Abstract
Background:
The choice of SpO2 target significantly influences oxygen utilization. It was recently shown that oximeter brand influenced the SpO2 measurements, with differences between oximeters of up to 4%. The objectives of the study were to evaluate the impact of the combination of SpO2 target and oximeter brand on O2 utilization, O2 weaning, high O2 flow requirements, occult hypoxemia and occult hyperoxemia.
Methods:
We have conducted a randomized cross-over study in 20 stable ICU patients requiring oxygen therapy delivered through nasal canula after cardiac surgery. Patients without adequate SpO2 signal were excluded. Four randomized periods of 10 min were conducted in all patients with different SpO2 targets (90 and 94%) and different oximeters (Nonin and Philips). For each period we collected the oxygen flow and oxygen blood gases at the end of the period. We compared the O2 flow, the rate of occult hypoxemia (SaO2 below 90% with SpO2 ≥ 90%) and occult hyperoxemia (SaO2 above 96% with SpO2 ≤ 96%), O2 partial weaning (below 0.5 L/min) or complete weaning and the rate of high O2 flow requirements (above 5 L/min).
Results:
20 patients were studied (mean age 68 ± 8 years, 16 were men, all had light skin pigmentation (Fitzpatrick skin scale 1 or 2) reflecting our local population, none had shock). At baseline, SpO2 was 93.4 ± 1.8% and oxygen flow was 2.1 ± 1.4 L/min. O2 flow requirements and oxygenation parameters in the different study periods are displayed in the Figure 1. Differences in mean O2 flow during monitoring with the Nonin with an SpO2 target of 90% and Philips with an SpO2 target of 94% were not statistically different (P = .74). However, all other comparisons for the O2 flow were statistically different. The rate of complete O2 weaning was 55% in the Philips 90% period and 0 to 5% in other periods. Oxygenation parameters (SaO2, PaO2) were similar during Nonin 90% and Philips 94%. Conversely, there were statistically significant differences for oxygenation parameters and for other comparisons.
Conclusions:
In patients requiring conventional oxygen therapy, the SpO2 target, the oximeter brand and even more the combination of both have major impact on O2 utilization, O2 weaning and both occult hypoxemia and hyperoxemia. Patients managed with Nonin with SpO2 target of 90% and Philips with SpO2 target of 94% had similar O2 flow and similar arterial oxygenation parameters. These data underline the necessity to use corrected SpO2 targets rather than universal SpO2 targets to manage O2 therapy.

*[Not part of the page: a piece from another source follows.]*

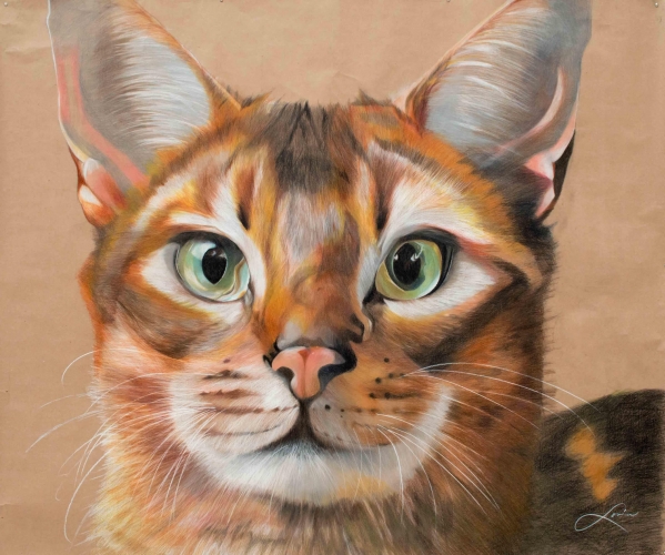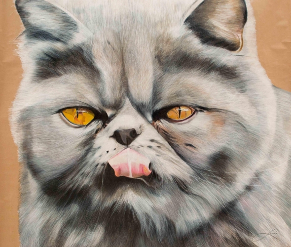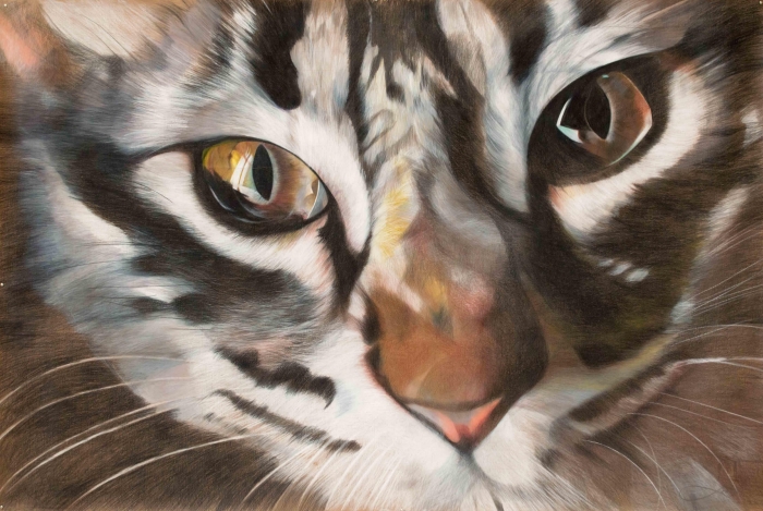 José Luis Loría, un brujo del dibujo científico nos trae la obra ¨La Cofradía de los Ojos ¨, consistente en cientos de dibujos sobre el felino, el “Felix Silvestris”. El uso de lápices de color es único en su estilo y obra, en el sentido que generalmente se utilizan carboncillos negros y/o acuarelas. Las técnicas para lograr los diferentes tonos representan, por sí mismas, un tour de force muy difícilmente igualable. En efecto, Loría utiliza unos 140 lápices de colores distintos, de los cuales cada uno puede rendir 4 ó 5 tonos distintos, el artista habrá extendido su paleta a un abanico de unas 650-700 tonalidades, salvaguardando transparencia y evitando efectos opacos o cargados. Si por fuera poco, hay que subrayar también que la técnica del lápiz no tolera ningún error, ya que es simplemente imposible corregir, menos aún borrar, un tono ¨incorrecto¨.
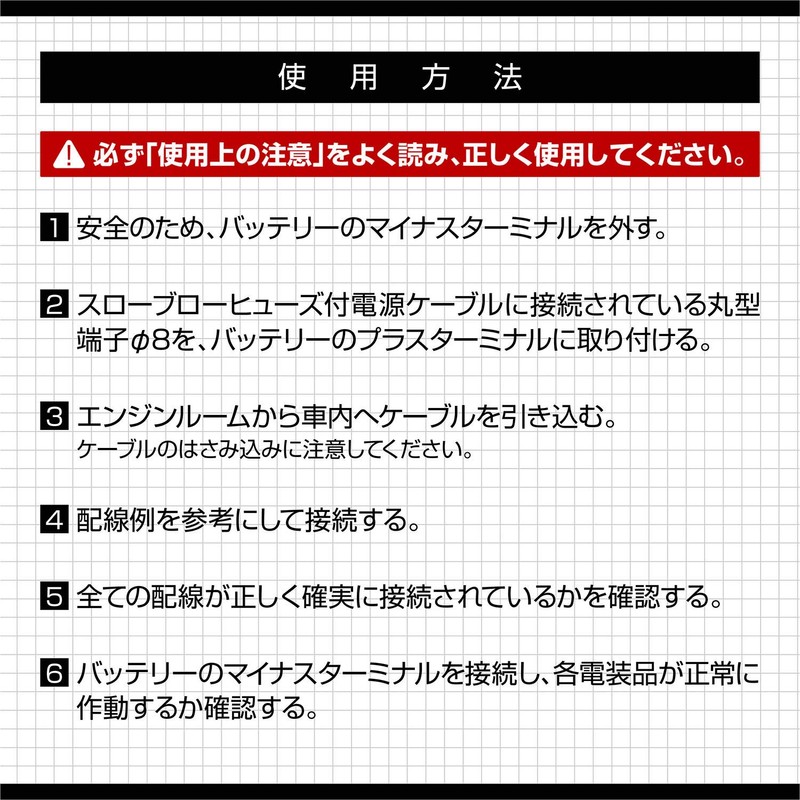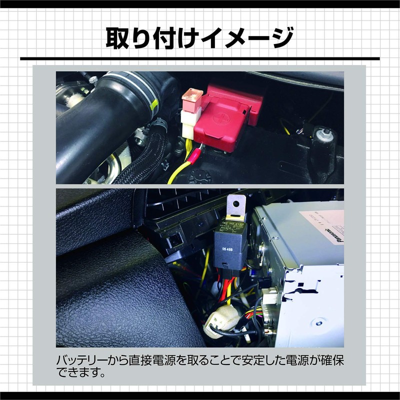 • The relay allows you to turn on and off the power source from the battery (at all time) with the accessory power supply

Mean oxygen flow utilization in the different study conditions comparing two SpO2 targets (90 and 94%) and two oximeters brand (Philips and Nonin): Philips 90, Nonin 90, Philips 94, and Nonin 94. SpO2 targets of 90% are represented with hatched bars while SpO2 targets of 94% are represented with plain bars. Nonin conditions are represented with blue bars while Philips conditions are represented with light orange bars. Oxygen Ratio were 1.2 (Philips 94/Nonin 90), 4.0 (Nonin90/Philips90), 3.0 (Nonin94/Philips94), 3.6 (Nonin94/Nonin90), 4.7 (Philips94/Philips90) and 14.1 (Nonin94/Philips90).